If you’re like most people, your mortgage is the biggest financial burden. The idea of having that burden hanging around your neck for 25 or even 30 years is not something that’s appealing for anyone, so I’ve prepared a couple of tips to help you get the most out of the loan options and get on top of your finances.
1) Use a Mortgage Offset Account
One of the top ways to reduce this burden is to use a mortgage offset account.
A mortgage offset account is an account linked to your home loan that allows you to reduce the interest charged on your loan. Lowering the interest cost on your home loan while making your regular monthly loan repayment, results in a shorter loan term and a substantial savings over the term of the loan.
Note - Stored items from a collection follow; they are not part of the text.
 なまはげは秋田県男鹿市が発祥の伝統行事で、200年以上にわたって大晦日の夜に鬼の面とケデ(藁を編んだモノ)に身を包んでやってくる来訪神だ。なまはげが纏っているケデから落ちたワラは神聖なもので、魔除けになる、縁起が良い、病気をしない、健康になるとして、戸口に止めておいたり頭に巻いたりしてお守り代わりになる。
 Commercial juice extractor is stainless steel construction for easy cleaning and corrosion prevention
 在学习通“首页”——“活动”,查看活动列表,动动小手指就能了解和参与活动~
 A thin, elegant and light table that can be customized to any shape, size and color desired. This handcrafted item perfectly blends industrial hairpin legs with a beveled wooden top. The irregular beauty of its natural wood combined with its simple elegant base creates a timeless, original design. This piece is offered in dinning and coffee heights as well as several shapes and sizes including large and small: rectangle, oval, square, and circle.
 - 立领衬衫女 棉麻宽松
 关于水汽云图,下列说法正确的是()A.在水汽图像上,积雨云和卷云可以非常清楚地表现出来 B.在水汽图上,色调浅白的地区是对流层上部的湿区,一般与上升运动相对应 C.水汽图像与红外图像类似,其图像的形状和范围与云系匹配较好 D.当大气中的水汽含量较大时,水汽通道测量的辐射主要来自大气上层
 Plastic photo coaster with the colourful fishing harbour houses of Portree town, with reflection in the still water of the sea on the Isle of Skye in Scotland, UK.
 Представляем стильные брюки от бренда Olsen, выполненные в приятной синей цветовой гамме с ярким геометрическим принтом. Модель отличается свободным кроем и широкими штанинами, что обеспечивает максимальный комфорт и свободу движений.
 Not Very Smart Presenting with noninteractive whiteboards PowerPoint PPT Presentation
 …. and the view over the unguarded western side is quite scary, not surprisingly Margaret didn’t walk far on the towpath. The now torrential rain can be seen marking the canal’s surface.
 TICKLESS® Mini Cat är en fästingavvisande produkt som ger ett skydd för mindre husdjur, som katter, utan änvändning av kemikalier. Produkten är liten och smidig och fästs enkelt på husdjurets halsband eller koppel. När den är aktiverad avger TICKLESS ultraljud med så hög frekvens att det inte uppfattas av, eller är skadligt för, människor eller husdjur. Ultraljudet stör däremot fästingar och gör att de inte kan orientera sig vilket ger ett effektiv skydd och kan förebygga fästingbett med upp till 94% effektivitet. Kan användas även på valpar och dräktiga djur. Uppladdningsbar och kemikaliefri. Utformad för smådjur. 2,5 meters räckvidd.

There are many different variations of offset accounts, but the best option is the 100% Offset account – also known as a Full Offset account, combined with a full transaction account. Just like its name this account allows for 100% of the balance in the account to be offset against the account balance of the home loan it is linked to and reduces the balance on your home loan by this amount when interest is calculated. The full transaction account allows you to do all your everyday banking such as direct credit of your pay, direct debit of your regular bills, deposits, withdrawals, ATM transactions, EFTPOS and Internet Banking all through the one account.
Any money in this account, from $1 up to the balance of your home loan, is offset against the amount owing on your home loan and you only pay interest on the net balance (the difference between the two accounts). Say, for example, that you have a home loan of $200,000 and, during the interest calculation period, the lowest balance of your offset account is $20,000, you are only charged interest on $180,000.
Let’s use the above example to compare a home loan over 30 years at 6.7% with principal & interest repayments of $1,290.56 per month.
Total interest over the 30 years of the loan would be $264,600. With $20,000 deposited in a 100% offset account you reduce your interest cost by $94,970 and repay your loan 7 years and 5 months earlier.
So it makes sense to switch from an everyday account to an offset account and have any excess pay working for you to reduce your interest each month and pay of your mortgage faster.
2) Create a Financial Budget
In order to know how much excess pay you have, you need to have a budget. A budget gives you control of your money. If you are living from pay to pay then your money is not working for you. You need to have visibility of how you are spending in order to understand where savings could be made and allow you to make informed decisions about what you need to do to secure your financial future.